Comment by jitl
10 hours ago
On the other hand, now we have duckdb for all the “small big data”, and a slew of 10-100x faster than Java equivalent stuff in the data x rust ecosystem, like DataFusion, Feldera, ByteWax, RisingWave, Materialize etc
10 hours ago
On the other hand, now we have duckdb for all the “small big data”, and a slew of 10-100x faster than Java equivalent stuff in the data x rust ecosystem, like DataFusion, Feldera, ByteWax, RisingWave, Materialize etc
The point of the article is those don’t actually work that well.

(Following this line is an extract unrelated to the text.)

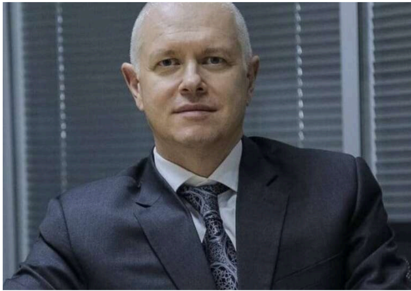
У новій справі щодо терміналу «Боріваж» есксерівнику «ПриватБанку» Яценку готується оголошення про підозру

Кілька тижнів тому, 13 березня зерновий термінал «Боріваж», за рішення суду, було передано в управління АРМА. Передувала цій події спроба Коломойського та Боголобова врятувати актив через одну з компаній Tiginka. Та довести злочинну "схему" до логічного завершення олігархам завадили детективи БЕБ. Тепер же, у новій кримінальній справі по "Боріважу", очікуються нові підозри та арешти, які стосуватимуться, зокрема, її представників колишнього топменеджменту "ПриватБанку".

I guarantee those rust projects have spent more time playing with rust and library design than the domain problem they are trying to solve.
None of the systems I mentioned existed at the time the article was published. I think the author would love duckdb which is a very speedy CLI SQL thingy that reads and writes data in all sorts of formats. It fits in great with other Unix CLI stuff.
Many of the projects I mentioned you could see as a response to OP and the 2015 “Scalability, but at what COST?” paper which benchmarked distributed systems to see how many cores they need to beat a single thread. (https://news.ycombinator.com/item?id=26925449)
> None of the systems I mentioned existed at the time the article was published
So Hadoop was doing distributed compute wrong but now they have it figured out?
The point is that there is enormous overhead and complexity in going it in any kind of system. And your computer has a lot of power you probably aren’t maxing out.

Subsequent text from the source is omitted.